1 hour ago, ButterMeWaffle said:

I wonder if that specific driver version is bad?

Sure thing, install Jellyfin add some files to it and let it transcode, you will see that this driver is working, I have tested it, because I test all custom drivers and this one is working just fine... ;)

 

1 hour ago, ButterMeWaffle said:

I also want to mention that when I turned off docker, as instructed by the plugin, and turned it back on, docker refused to start and I had to restart the entire rig to get it back

You have to reboot not just simply turn on and off Docker, turning on and off Docker is only for the first installation.

Link to comment
8 minutes ago, ich777 said:

From what I read so far, everything is uncommon and not related to this.

 

Diagnostics? Very uncommon that this driver caused this.

 

Seems this is an issue with the container and has nothing to do with the driver on the host (this plugin).

 

Sure thing, install Jellyfin add some files to it and let it transcode, you will see that this driver is working, I have tested it, because I test all custom drivers and this one is working just fine... ;)

 

You have to reboot not just simply turn on and off Docker, turning on and off Docker is only for the first installation.

gotcha, I will keep looking into the docker container and see if I can figure it out

Link to comment
5 minutes ago, ButterMeWaffle said:

gotcha, I will keep looking into the docker container and see if I can figure it out

solved it! in the github it mentions that is you have cuda 10 you need to specify it, but it only mentions it for to. Figured I would try using ptrfrll/nv-docker-trex:cuda11 and it worked! 

  • Like 1
Link to comment

I just upgrade to 6.10.3 and I lost my GPU plugin support in process. I have tried to reinstall/reboot multiple times without any luck. GPU won't show up in plugin. GPU is available option to VMs if I try to make one. GPU is not passed trought to any VM.
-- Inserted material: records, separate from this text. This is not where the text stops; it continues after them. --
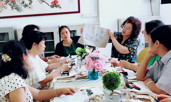 組員鄧潔兒給大家講刺繡中針腳的刺繡方法:菊花繡、結(jié)粒繡、鎖鏈繡等繡法并演示。李立經(jīng)理與大家分享了她從零到現(xiàn)在的小有成就的心路歷程:可當(dāng)真正靜下心來學(xué)習(xí)刺繡的時(shí)候,你會(huì)發(fā)現(xiàn)其實(shí)并沒有你想象中的那么難,一針一線穿出來的是對(duì)熾熱生命和美好生活的向往。本次刺繡以生活為主題,在環(huán)保袋上DIY設(shè)計(jì)圖案并進(jìn)行刺繡,組員們將利用業(yè)余時(shí)間完成,期待她們美美的作品……很多人都覺得這門屬非物質(zhì)文化遺產(chǎn)的刺繡離生活很遙遠(yuǎn),其實(shí)刺繡的緣起源于生活,是屬于家家戶戶女子必備的女紅技能。可喜是,刺繡在回歸生活,與大眾的生活發(fā)生鏈接。不妨偷閑,泡一壺茶,針線為伴,心生美好。
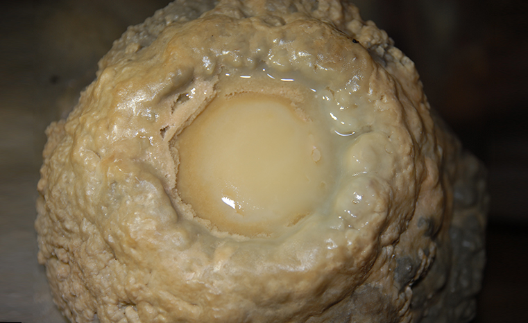 The uniquely shaped stalagmite in the Baekryonggul Cave looks like a fried egg.
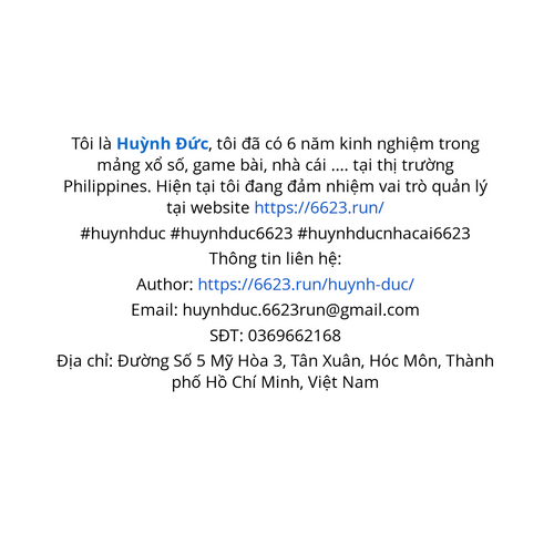 Tôi là Huỳnh Đức, tôi đã có 6 năm kinh nghiệm trong mảng xổ số, game bài, nhà cái .... tại thị trường Philippines. Hiện tại tôi đang đảm nhiệm vai trò quản lý tại website https://6623.run/ Website https://6623.run/huynh-duc/
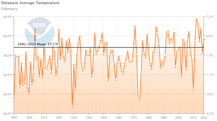 - Figure 1. Delaware statewide mean February temperature (°F) 1895-2022. Black line indicates 1991-2020 normal (NOAA, NCEI, Climate immediately: Statewide Time Series).

Here is message when tried to install Nvidia-Plugin:

,

Quote

+==============================================================================
| Installing new package /boot/config/plugins/nvidia-driver/nvidia-driver-2022.05.06.txz
+==============================================================================

Verifying package nvidia-driver-2022.05.06.txz.
Installing package nvidia-driver-2022.05.06.txz:
PACKAGE DESCRIPTION:
Package nvidia-driver-2022.05.06.txz installed.

-------Main download URL not reachable, using Fallback URL-------

-----ERROR - ERROR - ERROR - ERROR - ERROR - ERROR - ERROR - ERROR - ERROR------
---Can't get latest Nvidia driver version and found no installed local driver---
plugin: run failed: /bin/bash retval: 1

 

Plugin will also disappear from settings during reboot.

 

Any help?

Edited by VoNpo
Link to comment
52 minutes ago, VoNpo said:

I just upgrade to 6.10.3 and I lost my GPU plugin support in process. I have tried to reinstall/reboot multiple times without any luck. GPU won't show up in plugin. GPU is available option to VMs if I try to make one. GPU is not passed trought to any VM.

Please post your Diagnostics.

 

Have you any AdBlocking software on your network running?

Can you reach GitHub from your local computer?

 

Seems like that your Server can't communicate with GitHub (where the driver package is located).

 

54 minutes ago, VoNpo said:

Plugin will also disappear from settings during reboot.

Please remove the plugin entirely and run the command from an Unraid Terminal:

rm -rf /boot/config/plugins/nvidia-driver

and reboot afterwards.

 

After that try to pull the Nvidia-Driver plugin again from the CA App and see if it is the same (don't close the window with the red 'X' and wait for the Done button to appear).

If it's the same it looks like your server can't communicate with GitHub.

Link to comment
46 minutes ago, elcapitano said:

Was working, but from one day to the other it just disappeared from unraid.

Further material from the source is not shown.